Announcing PhotonIQ: The New AI CDN For Accelerating Apps, APIs, Websites and Services

Advantages and disadvantages of NoSQL

Chapter 2 of Distributed Data

Databases come in many shapes and sizes, but there are two primary flavors to choose from: the traditionally used relational model (which stores structured data in related tables) and the relatively recent non-relational model (which stores semi-structured data in files). If you’ve been looking for a database model that allows storing unrelated data, NoSQL just might be your ticket. This chapter will focus on the pros and cons of using NoSQL so you can decide whether it is the right fit for your organization.

When building applications or opting for Macrometa's ready-to-go industry solutions, it is important to have a deep understanding of the underlying technological possibilities. This knowledge serves a dual purpose: assisting you in making informed decisions when selecting technologies and empowering you to effectively scale and accommodate new business use cases once the technology is implemented. Databases play a pivotal role in extracting value from data, propelling your business forward and enabling strategic growth.

Before diving in, let’s get some basics out of the way. Short for "Not Only SQL," NoSQL is a database management system for managing large volumes of distributed data.
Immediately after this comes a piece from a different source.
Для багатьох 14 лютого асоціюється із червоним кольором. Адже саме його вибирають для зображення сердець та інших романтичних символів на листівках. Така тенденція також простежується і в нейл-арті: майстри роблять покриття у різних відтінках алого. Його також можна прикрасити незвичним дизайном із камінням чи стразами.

Typically, these systems avoid enforcing any fixed schema over the data being managed. NoSQL was introduced as an alternative to traditional SQL databases to solve several key challenges; speed, scalability, and availability.

The advent of big data found tech giants like Amazon, Google, and Facebook struggling to manage and store unprecedented amounts of data. They were forced to ask and then address some profound questions:

  • How can we match our customers' speed when storing, retrieving, or reorganizing data?
  • How can we reduce the time spent maintaining massive databases?
  • How can we lower the cost of hardware?
  • How can we leverage clusters of cheap, commodity hardware on the cloud to replace individual, leviathan database servers?
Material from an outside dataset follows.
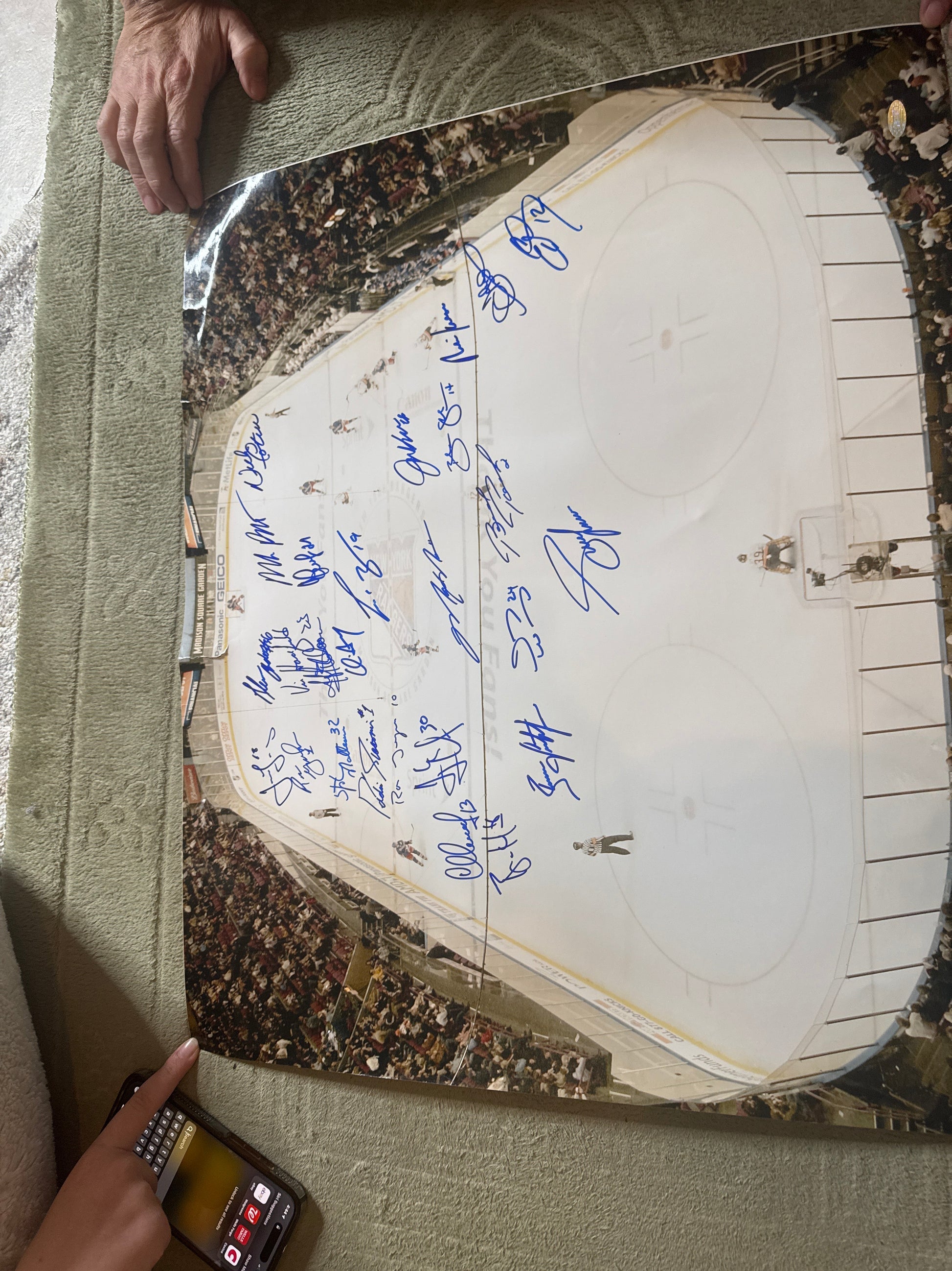 Photo measures 20" x 24" in size and has been hand-signed by (26) including Jaromir Jagr, Glen Anderson, Mark Messier, Brian Leetch, Brendan Shanahan, Henrik Lundqvist, Mike Richter, Brad Park, Sergei Zubov, Eddie Giacomin, Stephane Matteau, Adam Graves, Vic Hadfield, and (13) more.

NoSQL databases were the industry's answer to many of these questions. If your organization has been asking the same questions, NoSQL may be worth considering.

Summary of key concepts

Traditional database models use a relational approach to storing data. Also sometimes referred to as "SQL databases" — for Structured Query Language, the programming language used to work with them — these models excel at storing data as efficiently as possible. They are called “relational” because data gets stored in tables that have relationships between them.

SQL-based databases have many advantages but also some drawbacks. They require a lot of resources to ensure compliance with Atomicity, Consistency, Isolation, and Durability (ACID) principles. They are not built to distribute tables across multiple nodes, so scaling is another challenge. The only way to scale SQL-based databases is by adding more processing power to the server (vertical scaling). As mentioned, relational queries use SQL, a standard, safe and versatile language that has been around for 40+ years and allows for complex joins. However, this language requires a good understanding of how data is structured.
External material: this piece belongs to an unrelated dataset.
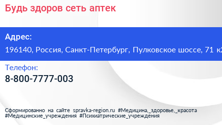 Будь здоров!, сеть аптек по адресу 196140, Россия, Санкт-Петербург, Пулковское шоссе, 71 к2 в дальнейшем Организация, размещена в следующих категориях:

NoSQL was purpose-built to bypass many of these limitations. It leaves the task of enforcing referential integrity to developers, using a less restrictive consistency model called BASE, which stands for Basically Available Soft-state Eventually-consistent. This model does not enforce any schema on data. NoSQL leverages cluster management software and distributes data across multiple smaller machines. New machines can be added to the cluster as needed, allowing the databases to grow via horizontal scaling. NoSQL lacks any standard query language and relies on easy-to-use, database-specific APIs.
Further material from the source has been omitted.